- Opening Delimiter -

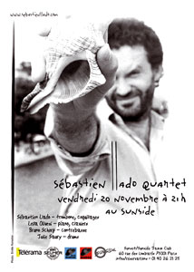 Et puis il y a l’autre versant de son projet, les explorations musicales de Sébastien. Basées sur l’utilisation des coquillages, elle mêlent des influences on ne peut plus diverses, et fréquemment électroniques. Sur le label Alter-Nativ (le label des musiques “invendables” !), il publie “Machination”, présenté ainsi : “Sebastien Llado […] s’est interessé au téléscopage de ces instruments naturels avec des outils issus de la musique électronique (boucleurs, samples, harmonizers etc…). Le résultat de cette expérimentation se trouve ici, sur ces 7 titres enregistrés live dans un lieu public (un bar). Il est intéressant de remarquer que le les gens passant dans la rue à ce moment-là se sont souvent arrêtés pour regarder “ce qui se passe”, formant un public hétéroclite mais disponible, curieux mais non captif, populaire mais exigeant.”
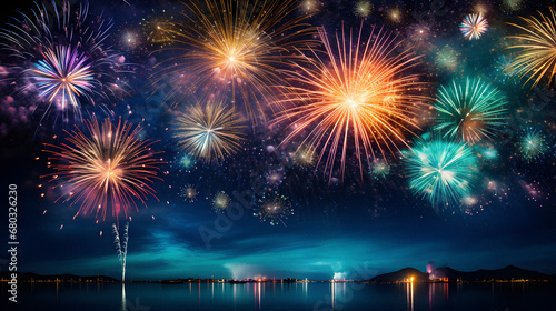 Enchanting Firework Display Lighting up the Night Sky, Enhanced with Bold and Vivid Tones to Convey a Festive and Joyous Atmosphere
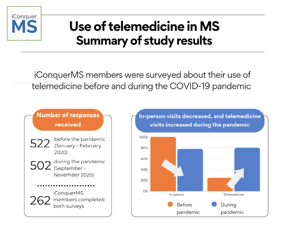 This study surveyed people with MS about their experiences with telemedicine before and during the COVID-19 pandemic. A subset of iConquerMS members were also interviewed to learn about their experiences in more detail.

- Closing Delimiter -
- Opening Delimiter -

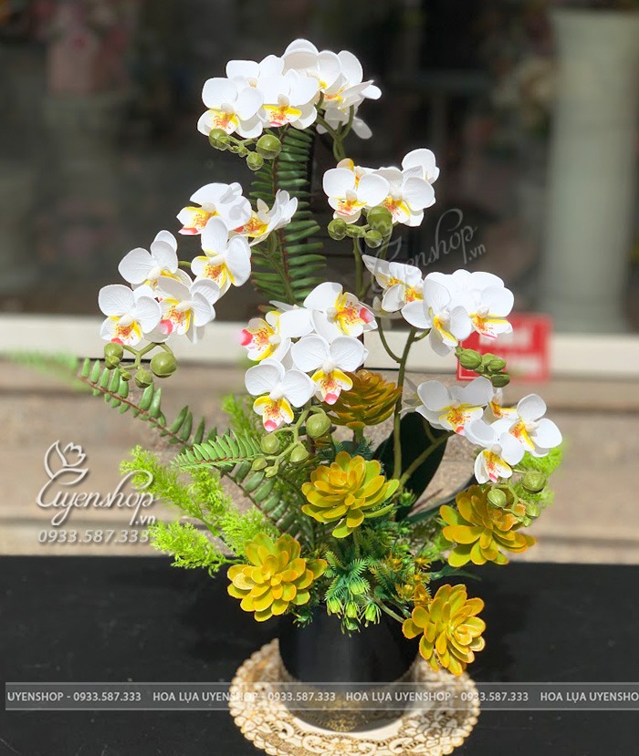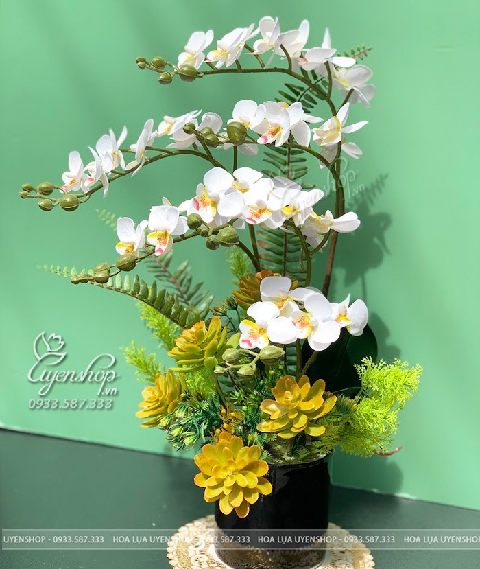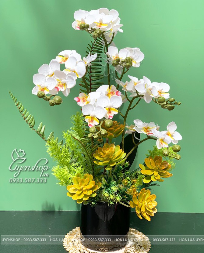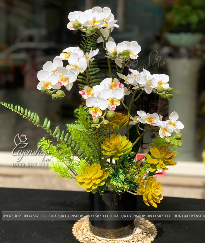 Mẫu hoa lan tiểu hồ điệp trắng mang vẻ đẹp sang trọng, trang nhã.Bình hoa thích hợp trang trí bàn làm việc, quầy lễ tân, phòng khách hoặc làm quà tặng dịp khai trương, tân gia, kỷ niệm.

- Closing Delimiter -
- Opening Delimiter -

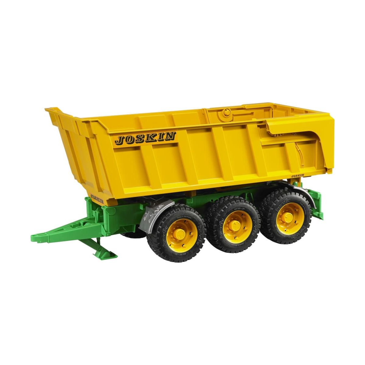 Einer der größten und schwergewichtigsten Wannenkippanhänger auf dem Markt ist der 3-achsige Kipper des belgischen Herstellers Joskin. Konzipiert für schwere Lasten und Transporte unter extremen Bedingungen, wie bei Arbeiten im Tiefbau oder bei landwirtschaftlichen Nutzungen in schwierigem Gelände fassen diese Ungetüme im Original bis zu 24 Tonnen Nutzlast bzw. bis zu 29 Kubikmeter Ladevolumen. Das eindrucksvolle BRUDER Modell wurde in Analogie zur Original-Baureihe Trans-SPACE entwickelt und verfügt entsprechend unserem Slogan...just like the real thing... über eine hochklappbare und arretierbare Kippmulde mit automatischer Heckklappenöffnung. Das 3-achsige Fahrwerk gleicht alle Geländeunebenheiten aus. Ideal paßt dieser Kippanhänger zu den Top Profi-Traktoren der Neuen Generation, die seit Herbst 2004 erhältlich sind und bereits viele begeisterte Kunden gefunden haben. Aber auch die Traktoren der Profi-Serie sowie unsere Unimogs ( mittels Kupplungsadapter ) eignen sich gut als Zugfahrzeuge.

- Closing Delimiter -

= Aim of the task =
Each line between the one holding "Et puis il y" and the one holding "This study surveyed", inclusive, should be copied exactly as it appears above, and pictures should be omitted.

= Solved problem =
 Et puis il y a l’autre versant de son projet, les explorations musicales de Sébastien. Basées sur l’utilisation des coquillages, elle mêlent des influences on ne peut plus diverses, et fréquemment électroniques. Sur le label Alter-Nativ (le label des musiques “invendables” !), il publie “Machination”, présenté ainsi : “Sebastien Llado […] s’est interessé au téléscopage de ces instruments naturels avec des outils issus de la musique électronique (boucleurs, samples, harmonizers etc…). Le résultat de cette expérimentation se trouve ici, sur ces 7 titres enregistrés live dans un lieu public (un bar). Il est intéressant de remarquer que le les gens passant dans la rue à ce moment-là se sont souvent arrêtés pour regarder “ce qui se passe”, formant un public hétéroclite mais disponible, curieux mais non captif, populaire mais exigeant.”
 Enchanting Firework Display Lighting up the Night Sky, Enhanced with Bold and Vivid Tones to Convey a Festive and Joyous Atmosphere
 This study surveyed people with MS about their experiences with telemedicine before and during the COVID-19 pandemic. A subset of iConquerMS members were also interviewed to learn about their experiences in more detail.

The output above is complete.